At last count, Philadelphia Electric Company relay tester Tom Gallagher has been through four organizing campaigns. Each time, he put his job on the line to support the union, and each time the union has lost, including the most recent election for his transmission and distribution unit by the IBEW that failed by 43 votes last May.

"The company tries to encourage people to knife each other in the back to advance themselves," said Gallagher, who has been with the Pennsylvania utility for 31 years. "The atmosphere has been every man for himself. Nobody sticks together. But I think theyre learning that doesnt get them anywhere."

A month later, Gallaghers 295 fellow workers in fossil fuel generation overcame the employer-imposed obstacles to win union representation. He said now its a matter of time until his unit also votes union to join the new IBEW Local 614 forming in Philadelphia.

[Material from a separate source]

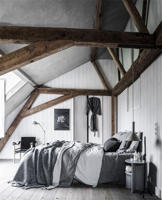 黑白灰色系能打造簡約明快,低調(diào)安靜的臥室氛圍,墻面、窗簾、家具、床上用品都選擇用不同程度的灰色,加少量的黑色,材質(zhì)的運(yùn)用盡量簡化,照明及燈光簡化到最少的程度,講究功能至上,這類低調(diào)的臥室效果是很受年輕男生歡迎的。

When workers attempt to form unions in the United States, they are seeking respect, decent wages and benefits and fair work rules. But more often than not, what they usually get from their employers in an organizing campaign are intimidation, fear-mongering and flat-out lies.

The AFL-CIO is planning a massive nationwide mobilization on December 10, International Human Rights Day, to highlight the need for changes to a system that permits routine violation of workers fundamental freedoms of speech and association. The date is the 55th anniversary of the signing of the International Declaration of Human Rights, the culmination of years of work by its American advocate, Eleanor Roosevelt, who was U.S. Ambassador to the United Nations.

How bad is it? IBEW organizers from the front lines offer several examples of the difficulties workers face on the road to respect on the job via organizing, but their stories only scratch the surface of a system overwhelmingly biased against workers.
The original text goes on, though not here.